INPUT DATA
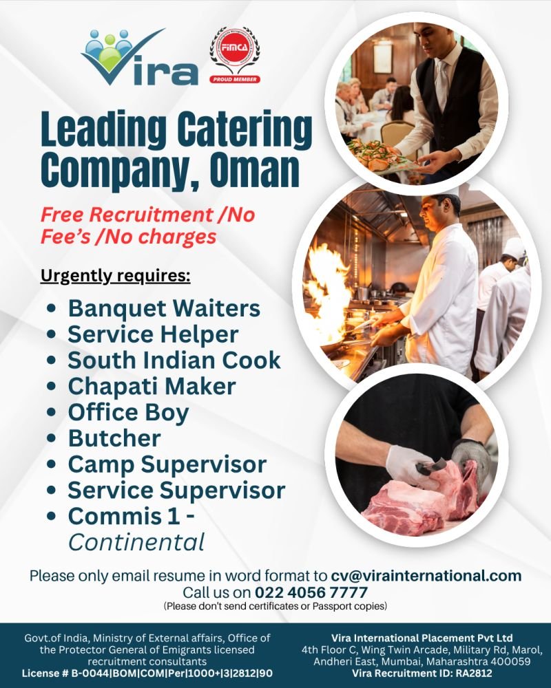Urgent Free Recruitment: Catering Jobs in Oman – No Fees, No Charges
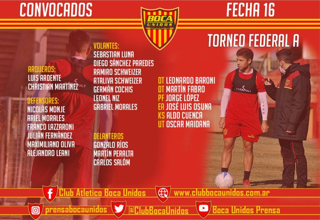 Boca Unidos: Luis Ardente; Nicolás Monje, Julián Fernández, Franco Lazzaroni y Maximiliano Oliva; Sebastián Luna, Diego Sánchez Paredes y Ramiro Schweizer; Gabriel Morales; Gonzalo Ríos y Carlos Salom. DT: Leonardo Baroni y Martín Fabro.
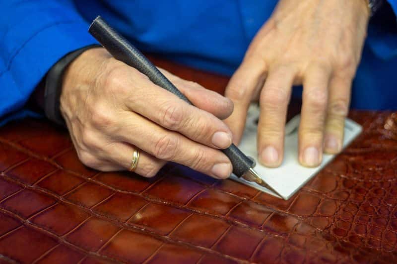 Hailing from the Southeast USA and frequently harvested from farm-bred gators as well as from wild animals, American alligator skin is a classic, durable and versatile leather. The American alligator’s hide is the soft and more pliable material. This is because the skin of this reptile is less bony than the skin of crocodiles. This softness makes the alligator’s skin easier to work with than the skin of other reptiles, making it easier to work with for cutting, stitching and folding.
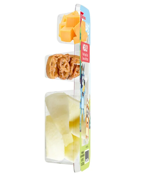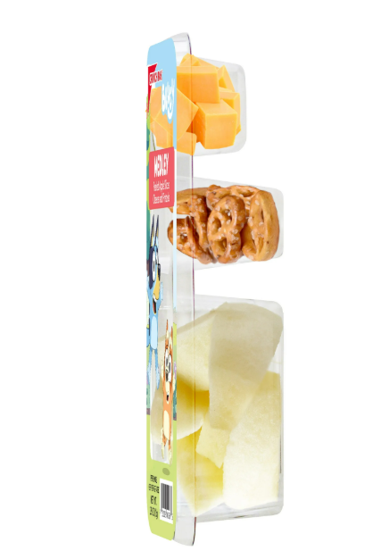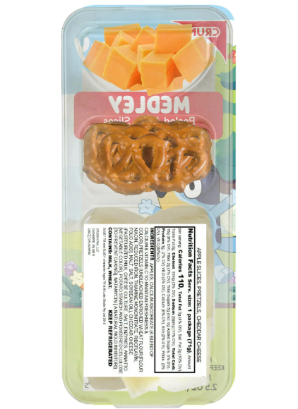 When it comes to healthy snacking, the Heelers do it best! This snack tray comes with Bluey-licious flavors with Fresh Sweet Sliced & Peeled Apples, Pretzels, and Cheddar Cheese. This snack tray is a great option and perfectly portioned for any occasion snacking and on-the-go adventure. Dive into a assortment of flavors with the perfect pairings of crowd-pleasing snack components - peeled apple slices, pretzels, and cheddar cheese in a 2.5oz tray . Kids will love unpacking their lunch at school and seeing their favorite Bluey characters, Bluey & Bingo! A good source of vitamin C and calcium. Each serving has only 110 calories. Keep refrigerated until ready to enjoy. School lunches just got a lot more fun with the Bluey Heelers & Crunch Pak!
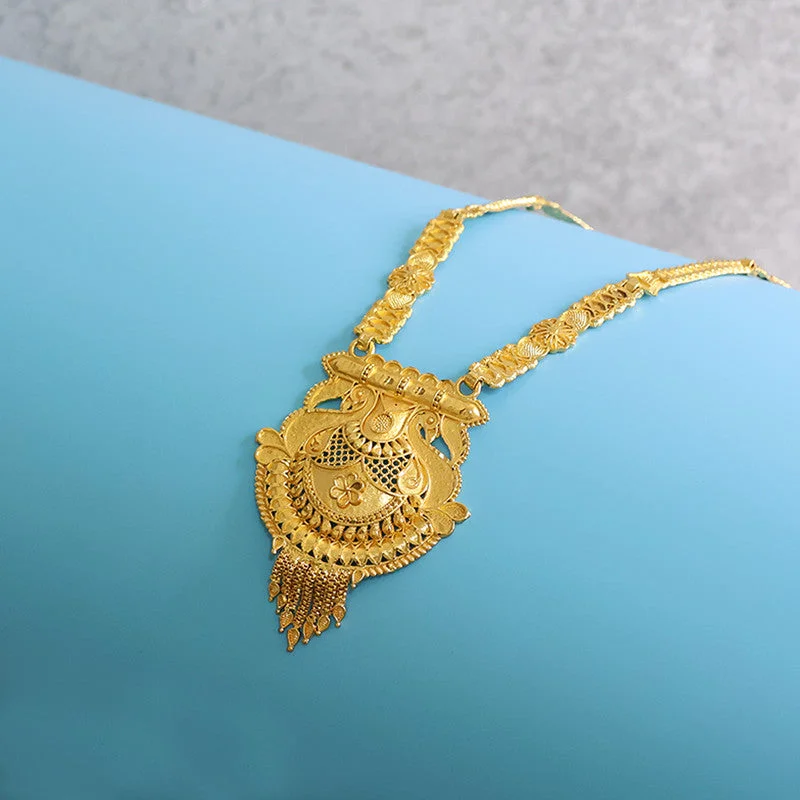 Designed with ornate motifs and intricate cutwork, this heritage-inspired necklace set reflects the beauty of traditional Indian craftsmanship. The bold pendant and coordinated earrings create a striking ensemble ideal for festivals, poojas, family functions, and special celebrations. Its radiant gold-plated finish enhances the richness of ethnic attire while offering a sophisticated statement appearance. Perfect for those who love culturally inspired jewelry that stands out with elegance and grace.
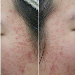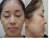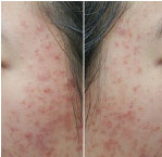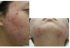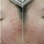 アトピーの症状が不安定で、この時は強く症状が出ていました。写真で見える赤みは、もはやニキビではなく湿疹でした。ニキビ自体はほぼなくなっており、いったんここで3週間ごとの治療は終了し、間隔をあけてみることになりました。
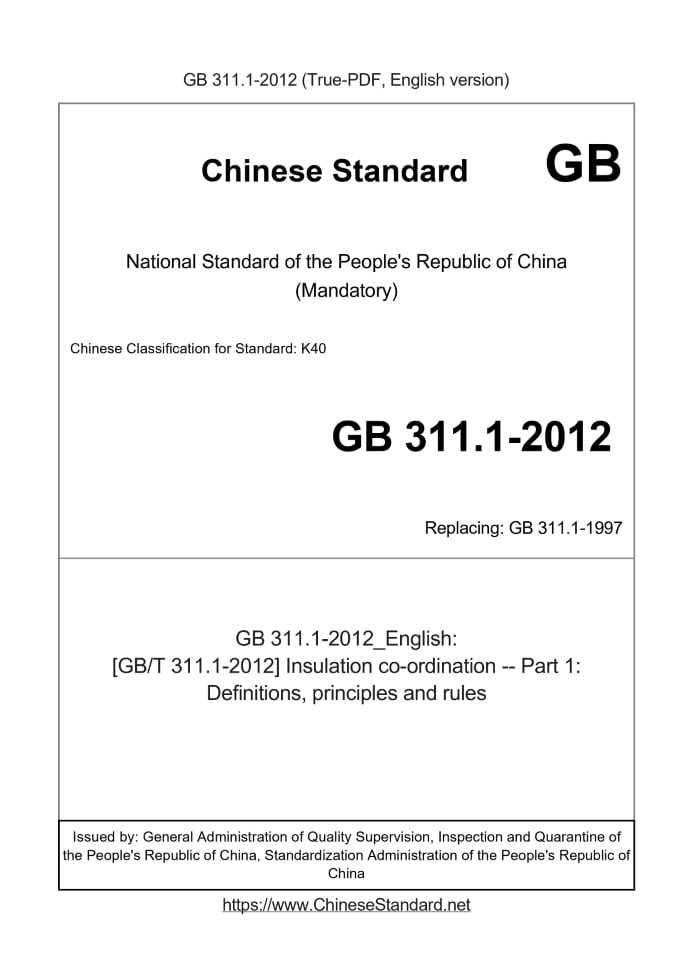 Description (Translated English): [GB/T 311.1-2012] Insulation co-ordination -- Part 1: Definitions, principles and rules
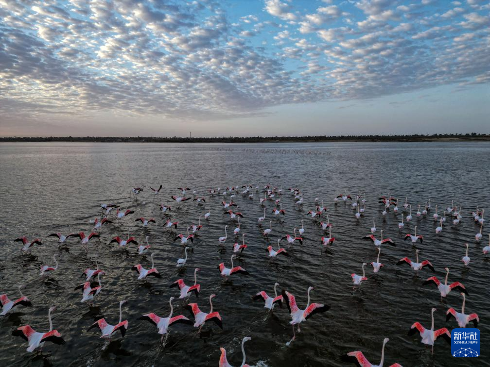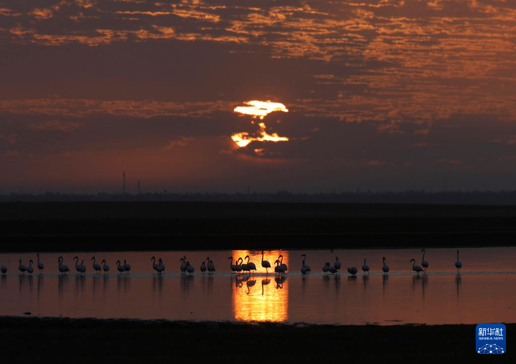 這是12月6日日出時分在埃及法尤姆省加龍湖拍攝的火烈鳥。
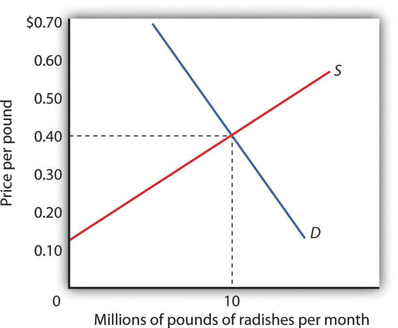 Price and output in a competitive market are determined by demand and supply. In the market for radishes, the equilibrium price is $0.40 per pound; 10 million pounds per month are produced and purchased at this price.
==
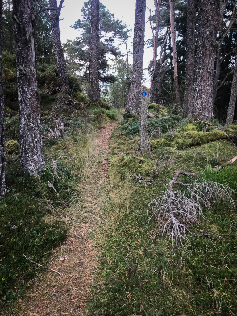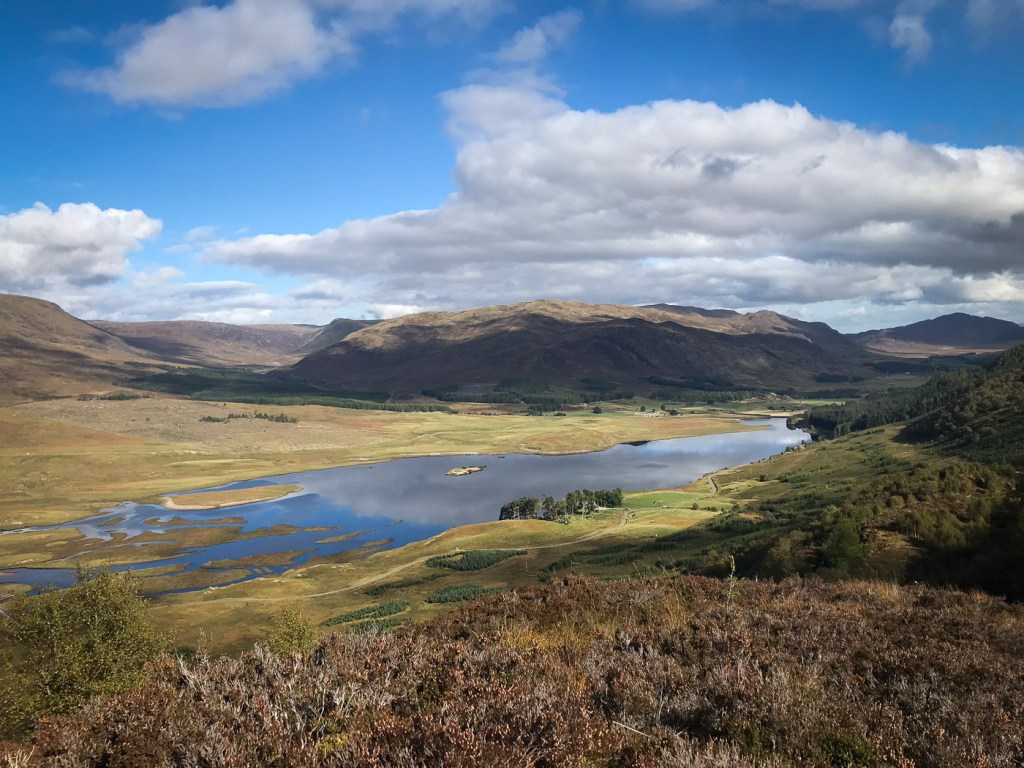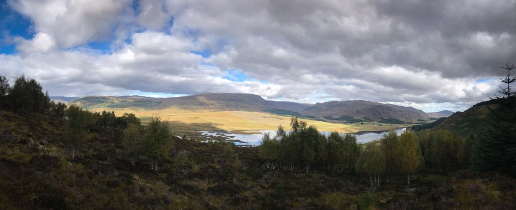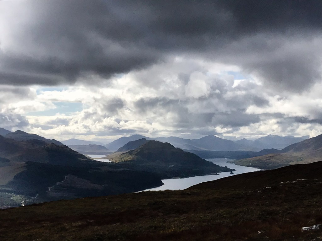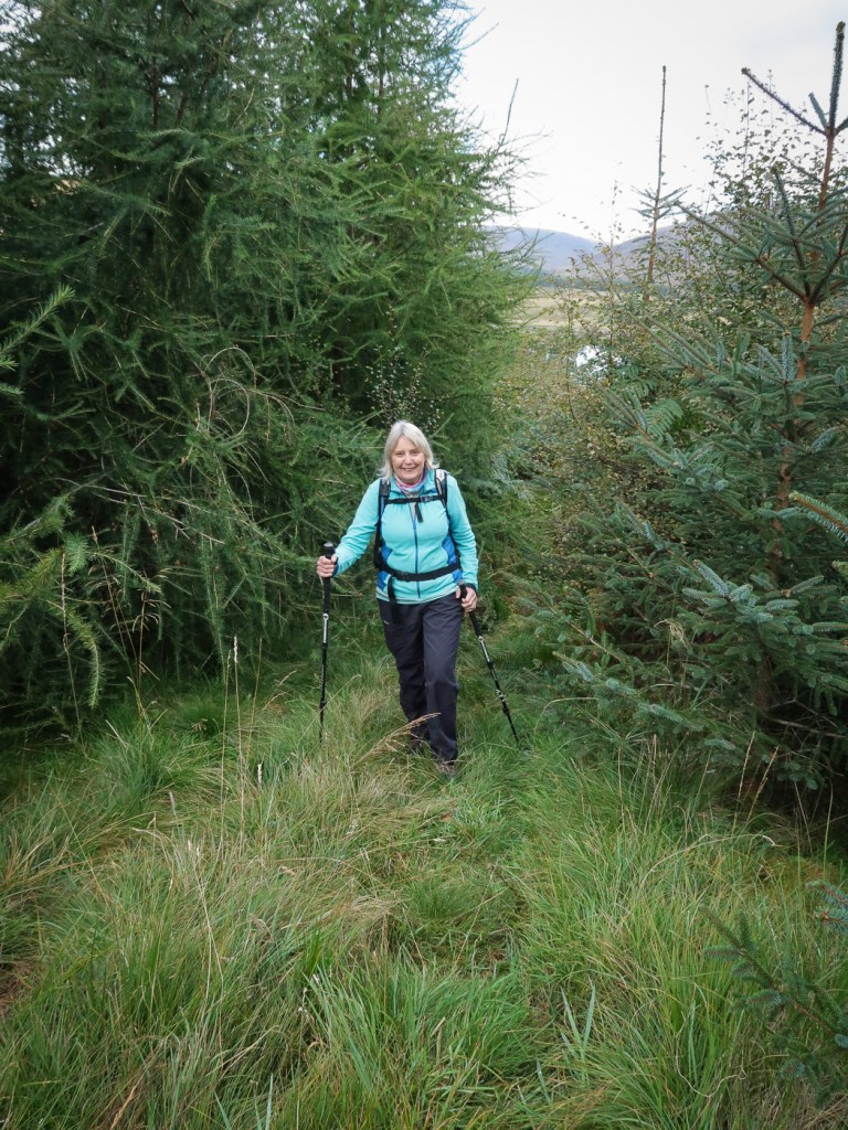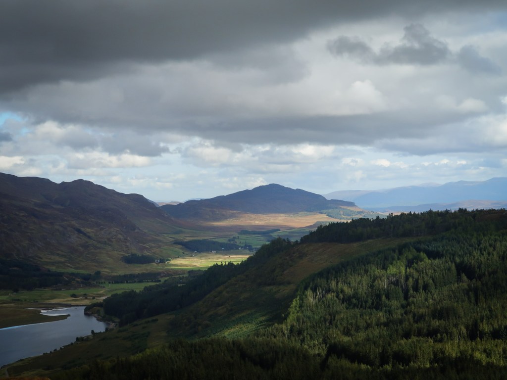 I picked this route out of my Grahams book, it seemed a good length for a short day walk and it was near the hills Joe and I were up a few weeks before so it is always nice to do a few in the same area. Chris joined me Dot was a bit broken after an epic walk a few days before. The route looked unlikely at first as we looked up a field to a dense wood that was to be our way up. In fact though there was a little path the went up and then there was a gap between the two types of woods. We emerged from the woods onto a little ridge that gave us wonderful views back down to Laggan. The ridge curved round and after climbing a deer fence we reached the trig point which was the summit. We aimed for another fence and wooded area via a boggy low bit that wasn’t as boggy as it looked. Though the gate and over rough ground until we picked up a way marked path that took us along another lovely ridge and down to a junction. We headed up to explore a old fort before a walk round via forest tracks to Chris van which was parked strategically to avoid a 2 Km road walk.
--
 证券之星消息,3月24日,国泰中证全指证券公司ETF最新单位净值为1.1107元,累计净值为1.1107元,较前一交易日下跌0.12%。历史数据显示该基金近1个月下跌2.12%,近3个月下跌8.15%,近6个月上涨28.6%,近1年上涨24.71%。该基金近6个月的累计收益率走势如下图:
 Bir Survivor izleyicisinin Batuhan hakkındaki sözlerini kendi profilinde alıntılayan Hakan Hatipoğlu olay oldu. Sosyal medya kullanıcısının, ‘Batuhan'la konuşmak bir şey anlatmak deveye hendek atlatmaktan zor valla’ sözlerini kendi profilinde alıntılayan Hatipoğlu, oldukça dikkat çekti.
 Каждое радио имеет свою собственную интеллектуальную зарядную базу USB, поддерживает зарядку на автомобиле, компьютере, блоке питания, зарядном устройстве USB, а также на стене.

TASK DIRECTIONS
From the line with "Hailing from the" up to and including the line with "Price and output" above, retype every line exactly and nothing more; leave out the pictures.

EXERCISE RESPONSE
 Hailing from the Southeast USA and frequently harvested from farm-bred gators as well as from wild animals, American alligator skin is a classic, durable and versatile leather. The American alligator’s hide is the soft and more pliable material. This is because the skin of this reptile is less bony than the skin of crocodiles. This softness makes the alligator’s skin easier to work with than the skin of other reptiles, making it easier to work with for cutting, stitching and folding.
 When it comes to healthy snacking, the Heelers do it best! This snack tray comes with Bluey-licious flavors with Fresh Sweet Sliced & Peeled Apples, Pretzels, and Cheddar Cheese. This snack tray is a great option and perfectly portioned for any occasion snacking and on-the-go adventure. Dive into a assortment of flavors with the perfect pairings of crowd-pleasing snack components - peeled apple slices, pretzels, and cheddar cheese in a 2.5oz tray . Kids will love unpacking their lunch at school and seeing their favorite Bluey characters, Bluey & Bingo! A good source of vitamin C and calcium. Each serving has only 110 calories. Keep refrigerated until ready to enjoy. School lunches just got a lot more fun with the Bluey Heelers & Crunch Pak!
 Designed with ornate motifs and intricate cutwork, this heritage-inspired necklace set reflects the beauty of traditional Indian craftsmanship. The bold pendant and coordinated earrings create a striking ensemble ideal for festivals, poojas, family functions, and special celebrations. Its radiant gold-plated finish enhances the richness of ethnic attire while offering a sophisticated statement appearance. Perfect for those who love culturally inspired jewelry that stands out with elegance and grace.
 アトピーの症状が不安定で、この時は強く症状が出ていました。写真で見える赤みは、もはやニキビではなく湿疹でした。ニキビ自体はほぼなくなっており、いったんここで3週間ごとの治療は終了し、間隔をあけてみることになりました。
 Description (Translated English): [GB/T 311.1-2012] Insulation co-ordination -- Part 1: Definitions, principles and rules
 這是12月6日日出時分在埃及法尤姆省加龍湖拍攝的火烈鳥。
 Price and output in a competitive market are determined by demand and supply. In the market for radishes, the equilibrium price is $0.40 per pound; 10 million pounds per month are produced and purchased at this price.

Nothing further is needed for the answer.